In Feb 25, I attended the last day of CICLing 2011 (International Conference on Intelligent Text Processing and Computational Linguistics) at Waseda University, Japan.
I enjoyed very much so this is my first time to attend international conferences.
Well, I’ll write my impressions for several sessions.
Christopher D. Manning: Part-of-Speech Tagging from 97% to 100%: Is It Time for Some Linguistics?
It is timely so I’ve just read Chapter 10 of “Foundations of Statistical Natural Language Processing”(FSNLP).
FSNLP which was published in 1999 said POS taggers have 97% accuracy, and this session said the current best taggers have also 97% accuracy. In the last decade, the accuracy of POS taggers have mainly improved for unknown words. Then analyzing the tag errors prove that mistakes in training data cause 40% over of the errors.
So he claims it needs to improve not only models and features but the traning data for nearly 100% accuracy.

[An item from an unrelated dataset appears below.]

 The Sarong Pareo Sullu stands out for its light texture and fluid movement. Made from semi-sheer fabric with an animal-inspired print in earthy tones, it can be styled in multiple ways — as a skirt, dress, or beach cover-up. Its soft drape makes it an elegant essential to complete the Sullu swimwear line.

The thought seems very natural for me, as engineers.
This session’s paper can be found at Manning’s site.
Dongwoo Kim, Alice Oh: Topic Chains for Understanding a News Corpus
This is about news tracking over time using LDA (Latent Dirichlet Allocation). It clusters news by some metrics (as similarities) between topic probabilities of documents.

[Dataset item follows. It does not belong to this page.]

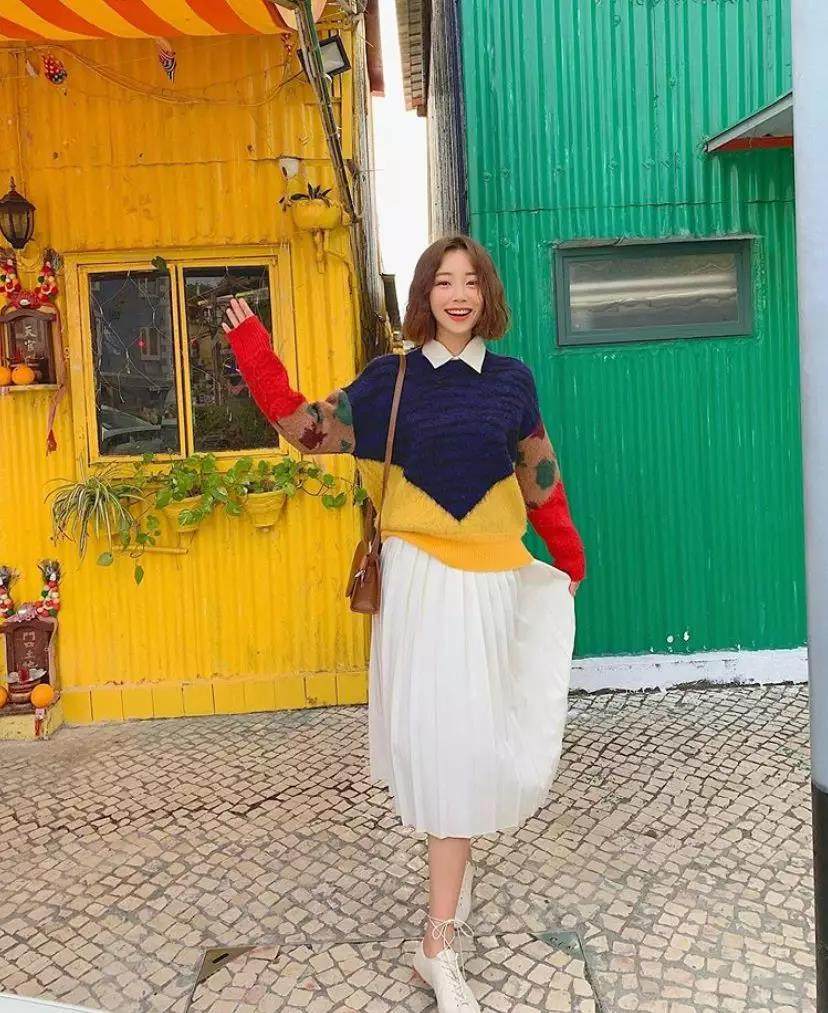 想要让上短下长更显腰身,撞色系的毛衣就得拥有姓名了。巧妙地运用不同颜色去激发整体的时髦度,增加了整体的层次感,easy chic。

The used similarity metrics are Cosine similarity, Jaccard’s coefficient, Kendall’s tau coefficient, Discounted cumulative gain, KL divergence and Jensen-Shannon divergence. But I wonder how about using inner product as metrics.
It is more consistent than cosine similarity so the inner product between topic probabilities of documents means the probability that both documents have the same topic.
Hiram Calvo, Kentaro Inui, Yuji Matsumoto: Co-related Verb Argument Selectional Preferences
This is about selectional preferences. The normal selectional preferences independently solve common usages of subject and object for verbs, while this proposal handles co-occurence of subject and objective noun. So it doesn’t allow a strange phrase like “Human eats grass”.
This uses SVM with features as PLSI (Probabilistic Latent Semantic Indexes) and PMI (Pointwise Mutual Information). I reckon this idea can be applied other problems.
This session wins the first place of Best paper award.